━━ RECORD EXCERPTS

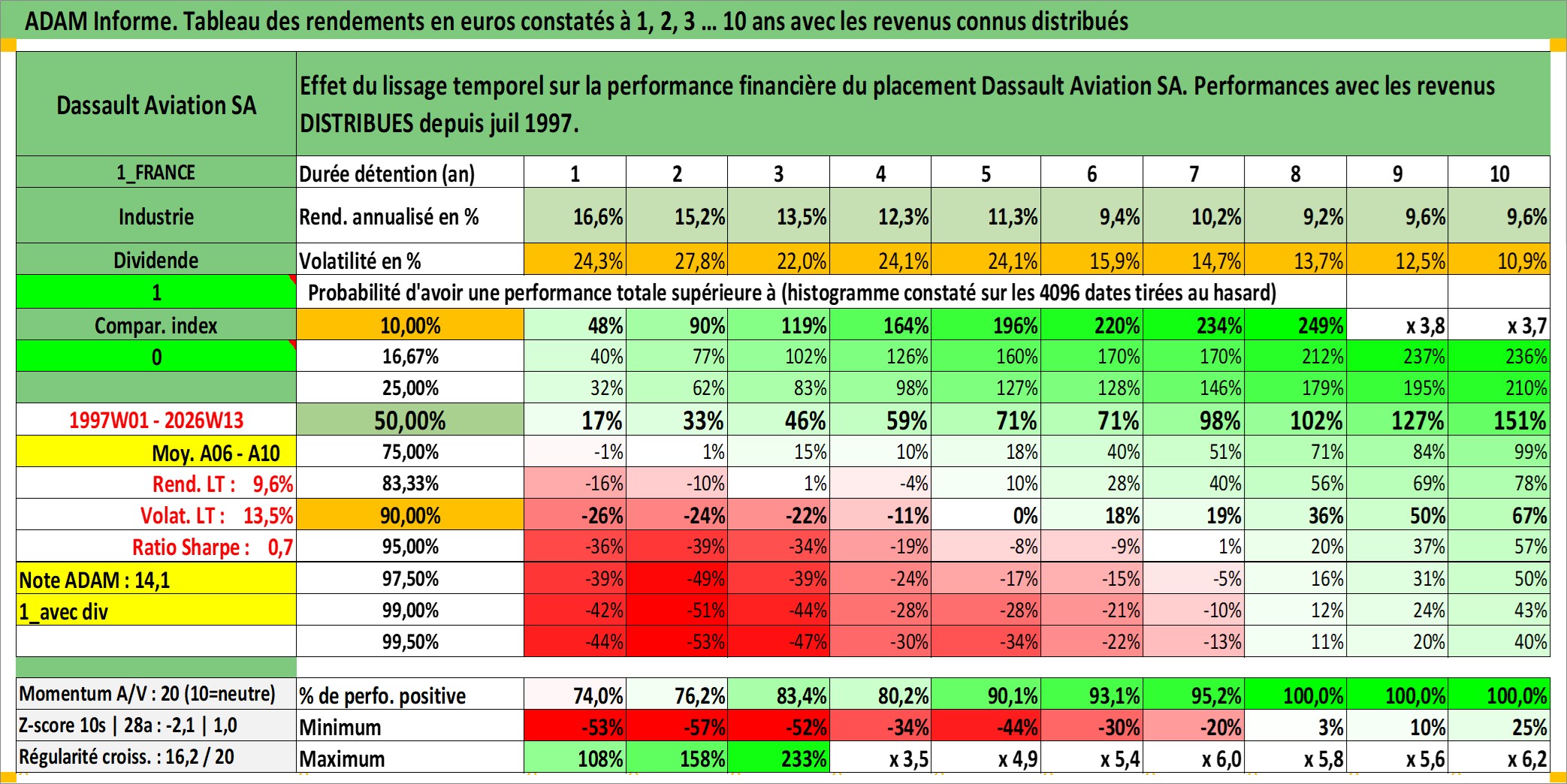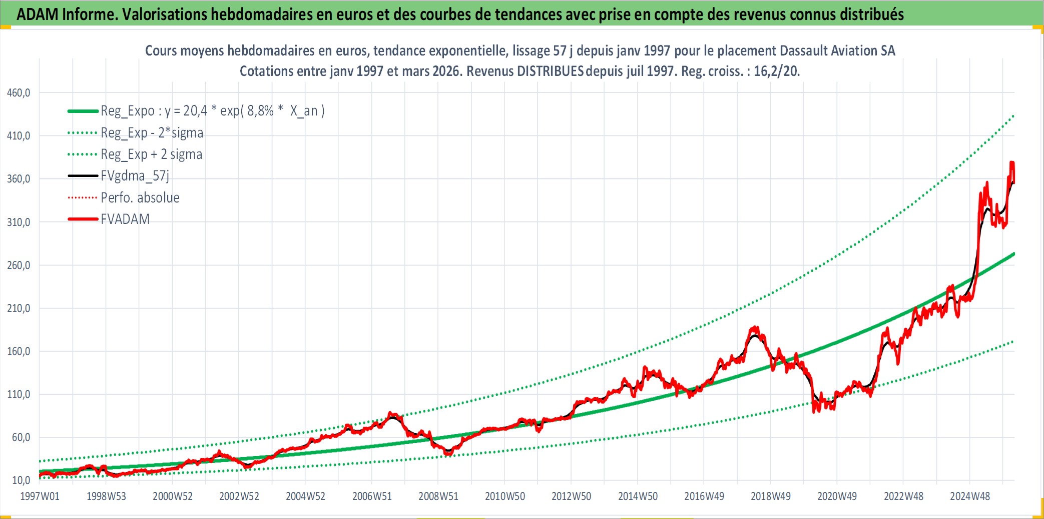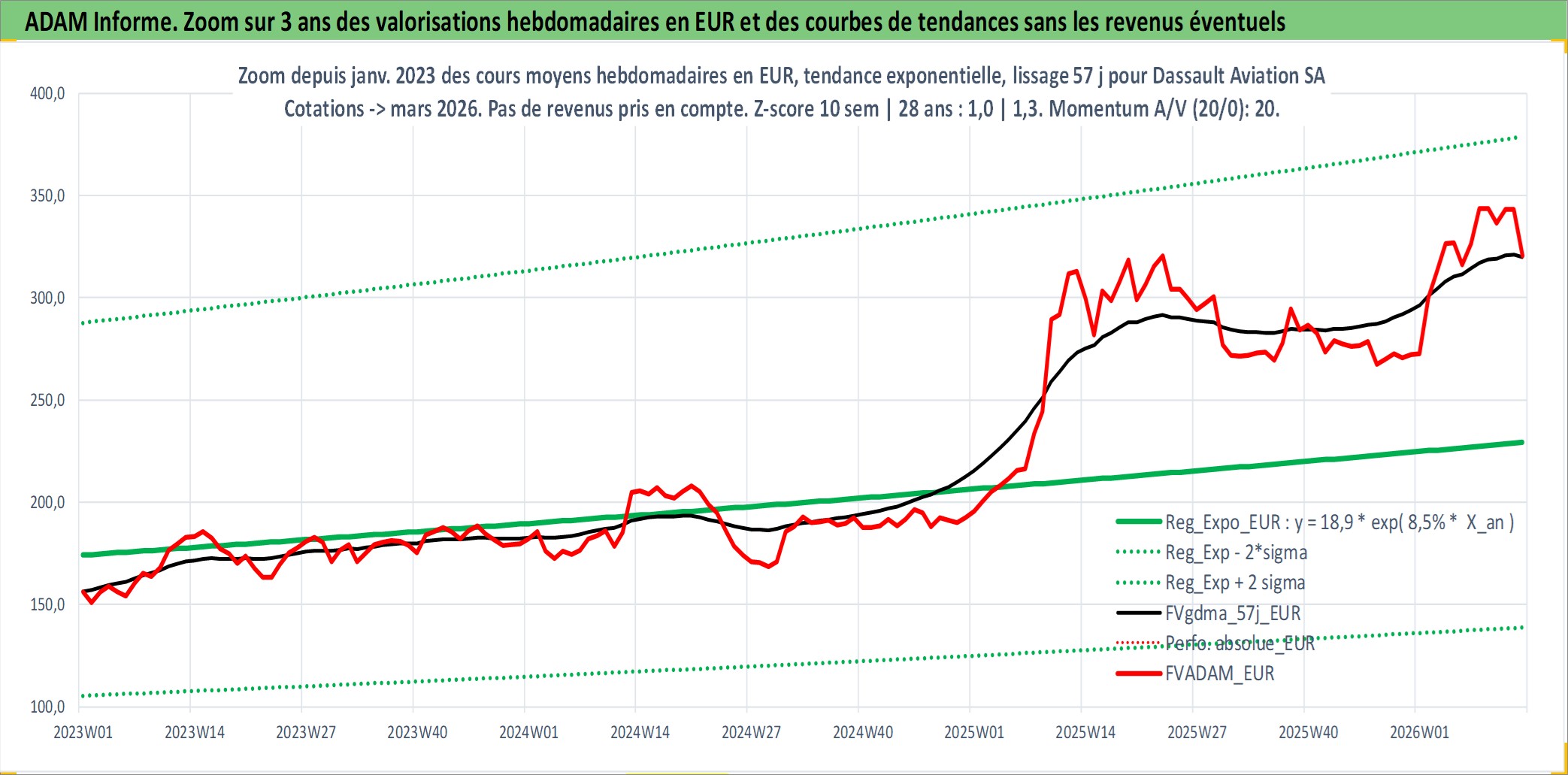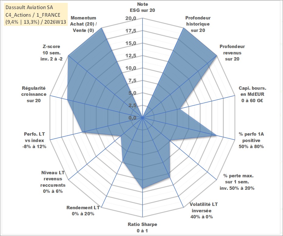 Site dédié aux investisseursPage dédiée sur site financeAnalyse des valorisations hebdomadaires de l'action Dassault Aviation SA. Cet actif est cote en EUR. Les valorisations couvrent les semaines 1997W01 a 2026W13. Les revenus de cet actif financier sont pris en compte depuis la semaine 1997W27. La note ESG de cet actif n'est pas connue.
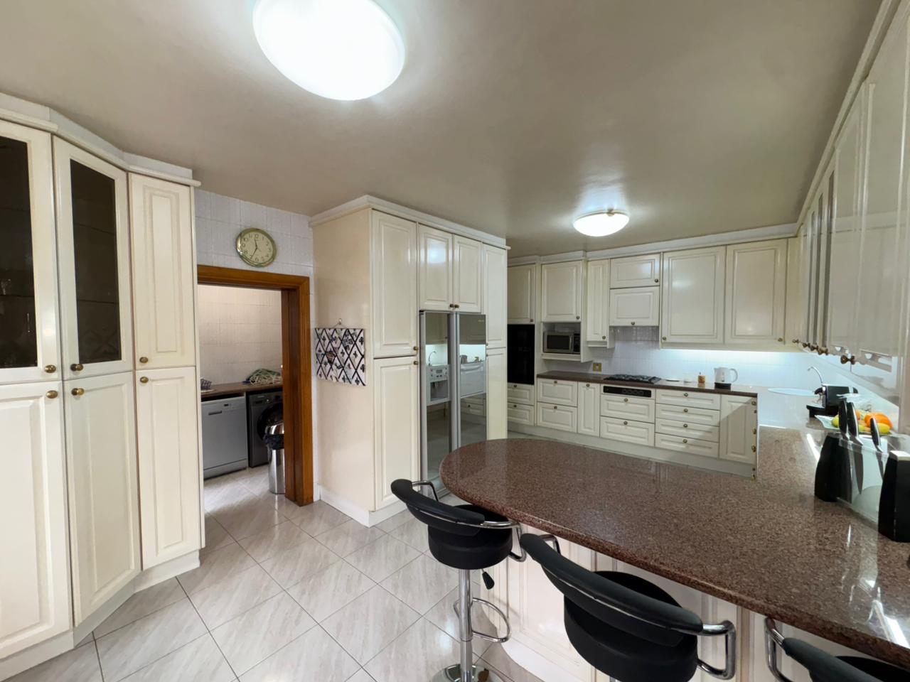 From the moment you step through the grand glass entrance hall, you’re welcomed by a sense of elegance, highlighted by a beautifully crafted wooden staircase. The ground floor boasts multiple living spaces, including a formal lounge, a dining room, a private study, and a guest toilet. The kitchen is designed with both practicality and charm in mind.
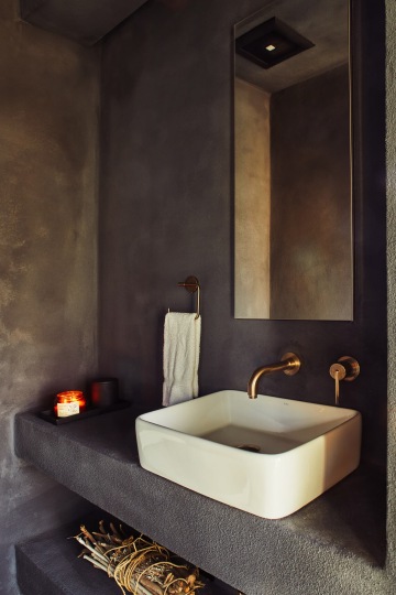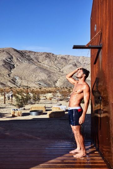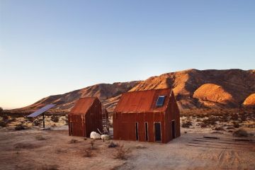 Chaty obepíná ocelové opláštění v kombinaci se širokými prosklenými plochami, což vytváří harmonický kontrast mezi industriální syrovostí a organickým prostředím pouště. Díky chytrému umístění velkých balvanů je zaručeno soukromí i v otevřené krajině. Hlavní relaxační zónou je venkovní terasa mezi oběma objekty, kde najdete unikátní koupel ve staré kovové galvanizované nádrži, typicky využívané pro napájení dobytka. Tento netradiční prvek dotváří autentickou atmosféru místa.
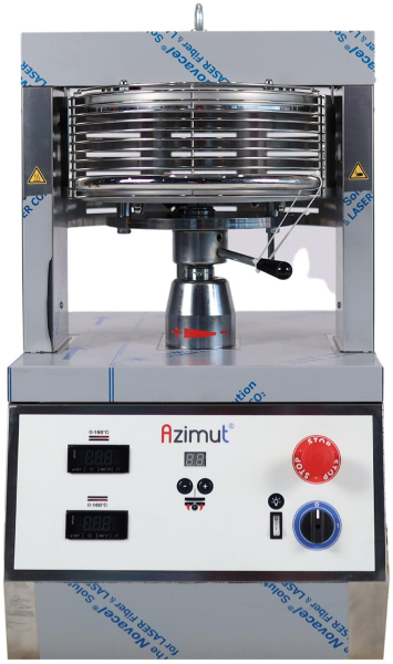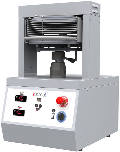 Пресс для пиццы Azimut FORMA 33, формирующий борт, с автоматическим прессованием оснащен таймером остановки, хромированными рабочими поверхностями (фиксированная верхняя и подвижная нижняя), съёмной защитной решёткой. Рабочая температура: +170С. Диаметр поверхности - 330мм. Производительность - 400шт./ч. Принцип работы пицца-пресса основан на сжатии шарика теста весом от 130г до 250г между двумя круглыми нагревающимися поверхностями. Получившаяся лепешка во избежание последующего стягивания тут же подпекается этими поверхностями. Благодаря функции подпекания, на поверхности краста образуется корочка, которая способствует получению более пышной основы, а также препятствует проникновению влаги из начинки. Защитная решётка из металлической проволоки обеспечивает максимальную защиту. Двойное освещение увеличивает внутреннюю видимость. В прессе предусмотрена функция корректировки толщины заготовок с помощью ручки регулятора, расположенной под нижним диском. Продолжительность прессования и температура варьируются в зависимости от температуры теста (рекомендуется в диапазоне от +6°C до +20°C). Работа пресса блокируется при открытой решётке. Корпус изготовлен из нержавеющей стали.
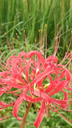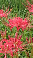 車で田園地帯を走り抜けていると、あぜ道や草むらに咲く「彼岸花」
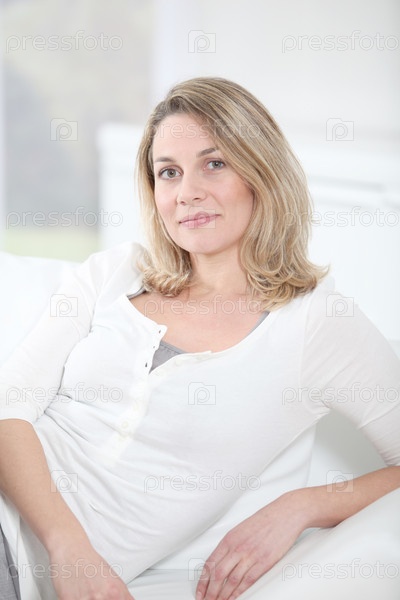 Портрет красивая блондинка женщина, сидя на диване
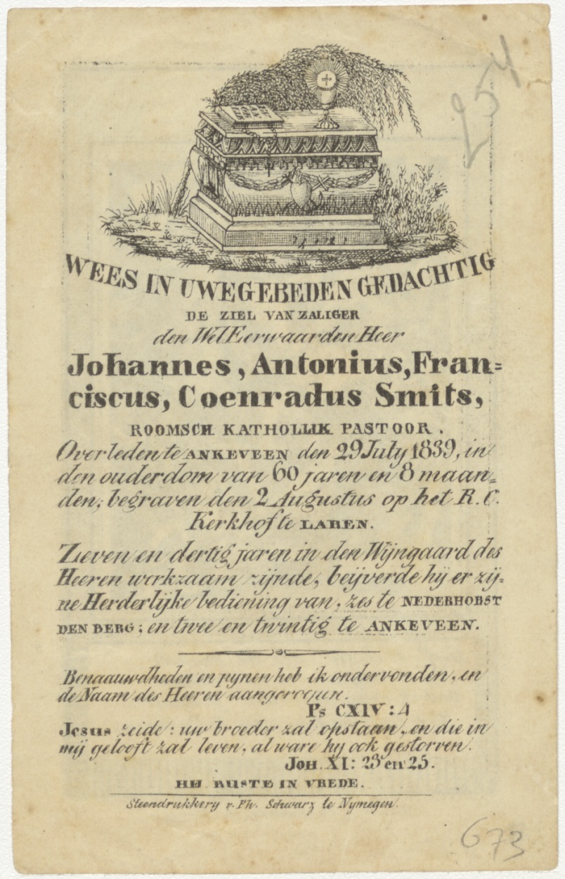 Christus verrijzenis, kz. Religieus;Bid voor ziel Smits (+1839);R.K. pastoor;Ankeveen

━━━━

▶ _WHAT THE TASK ASKS_: Please reproduce the lines above from the one containing "車で田園地帯を走り抜けていると、あぜ道や草むらに咲く「彼岸花」" through the final line, exactly and inclusively, leaving out each picture.

▶ _EXERCISE ANSWER_:
 車で田園地帯を走り抜けていると、あぜ道や草むらに咲く「彼岸花」
 Портрет красивая блондинка женщина, сидя на диване
 Christus verrijzenis, kz. Religieus;Bid voor ziel Smits (+1839);R.K. pastoor;Ankeveen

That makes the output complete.